Policy and legal factors. The laws and policies that are developed and institutionalized by the government concerning S&T research activities of course can have a significant impact on the ways in which research is developed, organized, and institutionalized, and determine the scope of potential spill-over to other fields. The extent to which access to and use of digital information is regulated in both the public and private sectors is especially important to creating incentives and disincentives for computer-mediated SKD and for radically speeding up the discovery-communication-discovery cycle in the open online environment.
Ø                  Policies and laws that promote or hinder computational SKD. At its core, the formulation and implementation of information law and policy reflects a balance between openness and restrictions. On the one hand, openness not only generally facilitates the exchange and use of scientific information, but also greatly simplifies the use of automated SKD techniques, especially across various boundaries (discipline, institutional, sectoral, and national). On the other hand, there are many valid reasons for imposing restrictions that frequently come into play, including proprietary rights in the information products and the knowledge derived, secrecy requirements based on national security concerns, the protection of personal privacy, and the need to implement technical security measures that protect these values and the integrity of information systems (NRC, 2003). Some research funders also may place restrictions in contracts or grants on the implementation and management of the research they support, which can affect its productivity and impact. Such restrictions include limits on the flexibility of scientists to modify their research goals and approaches, the freedom to pursue unexpected paths and high-risk research questions, the freedom to publish, the involvement of students and postdoctoral fellows in the research, and the nationality of researchers (NRC, 2005a and NRC 2005b). The capabilities of computational SKD tools and technologies and the potential network effects of their application online can greatly magnify not only the benefits they can generate, but those capabilities can be circumscribed or blocked entirely by such restrictions and security measures.
Ø                  Restrictive and permissive technologies and contracts. The respective rights of the producers, distributors, and users of proprietary digital information can now be mediated on a customizable basis with greater flexibility through the use of private contracts and technology protection measures (TPM, also referred to as digital rights management [DRM] tools). Contracts and TPMs can be used to provide both more restrictive or permissive terms of access and use than the terms established by public statutory law, allowing for greater flexibility for the application of SKD tools in the online environment, for example in mining data with hetero-sensitivities. Common-use licenses, such as those developed by the Creative Commons and Science Commons, can play an especially important role in effectively enabling computational SKD approaches that transcend the various boundaries noted above and facilitate complex problem-solving.
Some questions regarding the effects of policies, laws, and rights management tools on computational SKD. How is the application of computer-mediated SKD affected by different regulatory information regimes and how can private contracts, such as common-use licenses, and TPM/DRM controls be used to improve the effectiveness of digital SKD applications for complex, multi-disciplinary research and problem solving?
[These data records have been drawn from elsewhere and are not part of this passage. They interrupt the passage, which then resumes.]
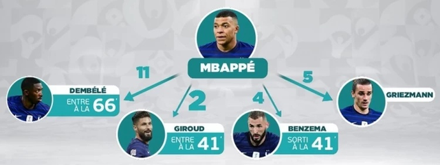 来自《拜因体育》的最新数据统计,他们罗列了姆巴佩在比赛中与队内攻击手之间的传球次数,其中姆巴佩传球给登贝莱的次数是最多的,高达11次,而只有2次传给吉鲁,传给本泽马是4次,传给格列兹曼是5次。
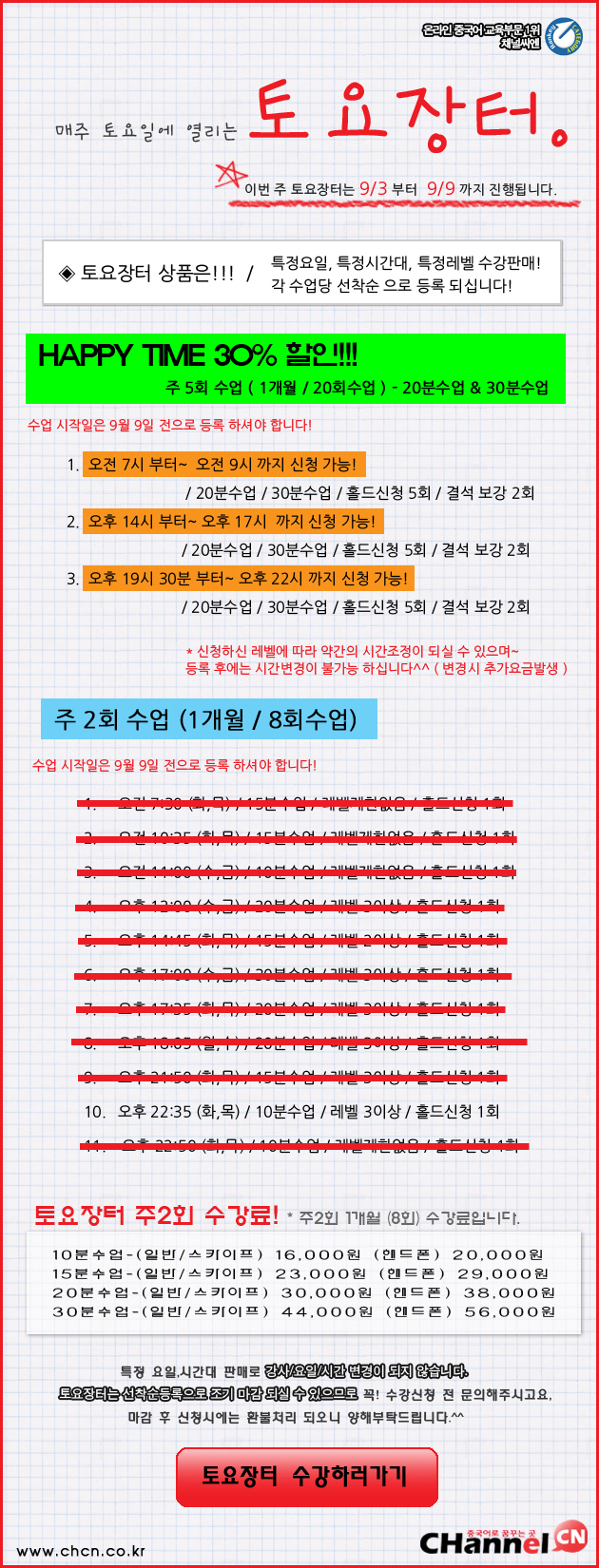 he****** 오후 21:05 화 목 15분 수업 신청합니다.(프리토킹) - 카드결제 完 (9월 8일 첫 수업) (2011.09.06 17:25) 리플달기
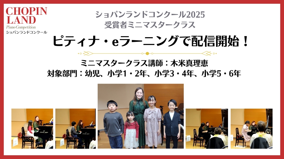 2025年11月24日(月・祝)に開催いたしました、受賞者ミニマスタークラス(講師:木米真理恵先生)のレッスン動画を、ピティナ・eラーニング* および YouTubeメンバーシップにて公開いたしました!
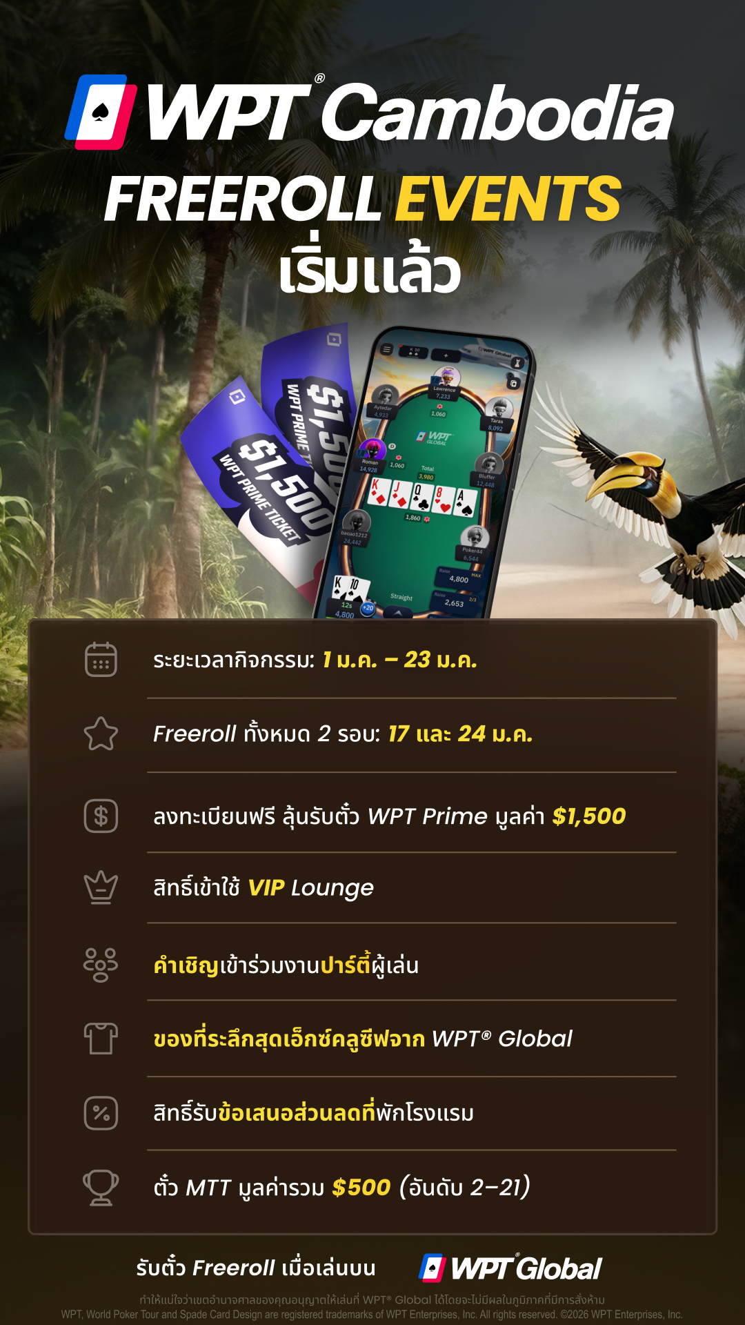 - สิทธิ์เข้าแข่งขัน WPT® Cambodia Championship มูลค่า $3,500 (จัดขึ้นวันที่ 4–9 ก.พ. 2026 ที่ NagaWorld Phnom Penh)

What are the tradeoffs and their direct and indirect effects? What kinds of policy analysis and research are needed to achieve a better understanding of the tradeoffs and their effects? With regard to the federal agency contracts and grants for digital SKD research, what are the principal barriers to progress in SKD research and applications and limitations on complex, multi-disciplinary research collaborations, and what needs to be better understood about them?
Socio-cultural factors.  There are many socio-cultural issues raised by the human-machine interface, and more broadly in the entire SKD process. In some cases, the technological tools and capabilities will outpace the ability of researchers (much less non-experts) to take full advantage of them. There also are socio-cultural barriers to adopting open models for data and information management online. There is thus an inherent lag in the effectiveness of human systems in adapting to new technologies, much less using them easily. Different disciplines and types of research in different organizational settings respond to technological change at varying rates and can involve diverse social and cultural barriers. An improved understanding of the socio-technical and socio-cultural dimensions of computational SKD technologies can be indispensable for the effective and efficient development, deployment, and adoption of this emerging research paradigm, particularly for complex applications that cross various boundaries.
Some questions about overcoming social and cultural barriers to the more effective application of computational SKD in research. Questions that could be addressed at a deeper level may include: What are the social and cultural barriers that affect the successful research and applications of computer-mediated SKD and its enabling infrastructures? What are the social and cultural barriers that affect the successful deployment of automated SKD tools in the context of complex, interdisciplinary research? What research would shed light on and help address these barriers?
*          *          *
There are many questions, in addition to those posed initially above, that need to be answered empirically, or at least with a more complete understanding of available options, to support better informed decisions. As a general matter, there is a lack of data about what does or does not work in computer-mediated SKD and about the enabling online conditions. The metrics and methodologies used are rudimentary or still not defined, and there is insufficient research targeted at illuminating the problem areas and understanding them. An in-depth discussion of the status of evaluation methods and of the research on them with a view to improving our understanding of SKD processes, therefore, is both necessary and timely.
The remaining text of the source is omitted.